TASK DIRECTIONS
Extract, in full, the lines below, beginning at the first and ending with the line that contains "black front pouch". Pictures do not belong in the copy.

THE DATA
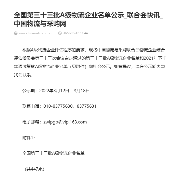 导读:2022年3月12日,中国物流与采购联合会物流企业综合评估委员会第三十三次会议审定通过的第三十三批A级物流企
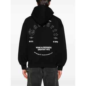 black front pouch pocket drawstring hood ribbed cuffs and hem logo print to the front Greatest Hits hoodie Size and Fit - This piece fits true to size. We recommend you get your regular size. Model is 1,84m / 6ft 1in wearing size M
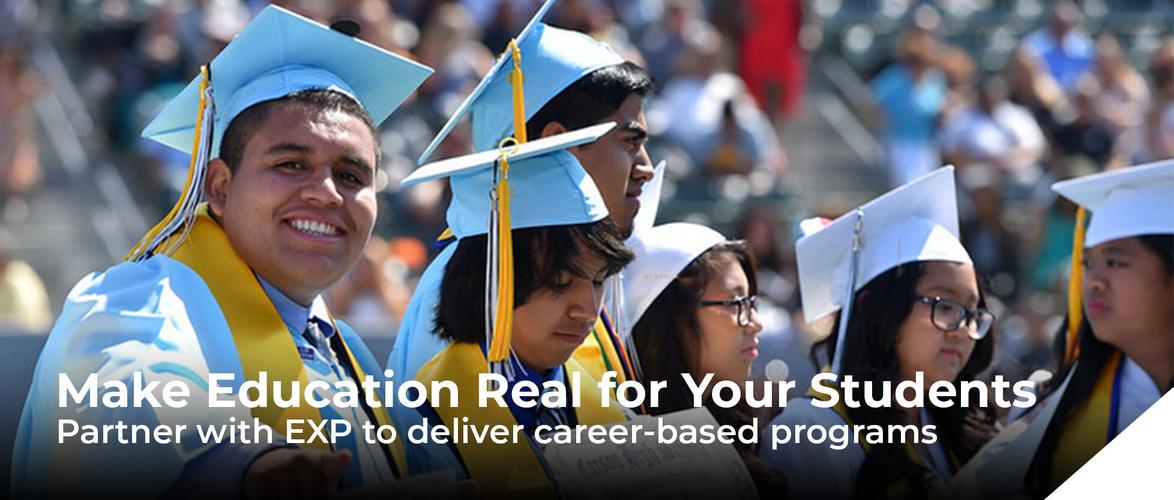 Today, EXP helps a broad array of schools and communities from large public-school districts to innovative charters and private schools make their vision for career-based learning a reality Our programs are made available to more than 8,200 students across 13 schools in five districts throughout greater Southern California
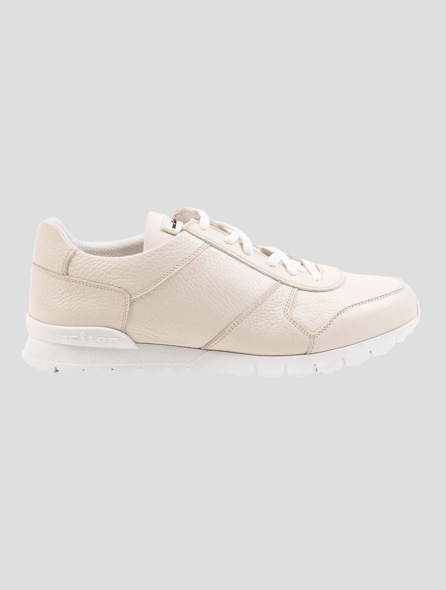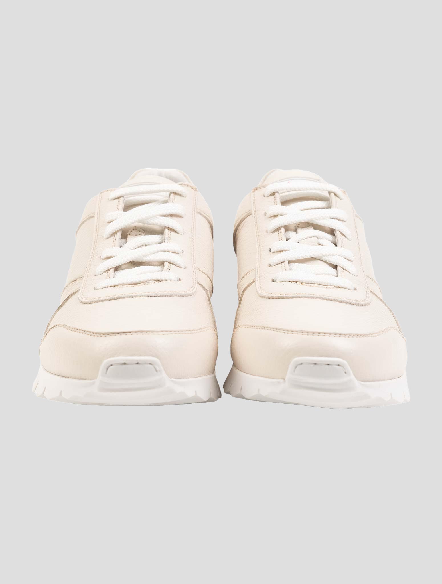 Kiton tenisice od 100% bijele kože predstavljaju bit talijanskog luksuza i umjetničkog umijeća. Stručno izrađene u Italiji od najfinije prave kože, ove tenisice nude iznimnu mekoću, izdržljivost i bezvremensku eleganciju. Čisti bijeli dizajn odiše sofisticiranošću, lako se kombinirajući s ležernim i profinjenim odjevnim kombinacijama. Minimalistička silueta i precizni detalji ističu Kitonovu predanost savršenstvu. Kožna podstava i uložak s jastučićima osiguravaju vrhunsku udobnost, dok čvrsti gumeni potplat pruža izvrsno prianjanje i dugotrajnost. Svestrane i profinjene, ove tenisice utjelovljuju predanost brenda kvaliteti, udobnosti i suvremenom, decentnom stilu za modernog gospodina.

EXERCISE ANSWER
 导读:2022年3月12日,中国物流与采购联合会物流企业综合评估委员会第三十三次会议审定通过的第三十三批A级物流企
 black front pouch pocket drawstring hood ribbed cuffs and hem logo print to the front Greatest Hits hoodie Size and Fit - This piece fits true to size. We recommend you get your regular size. Model is 1,84m / 6ft 1in wearing size M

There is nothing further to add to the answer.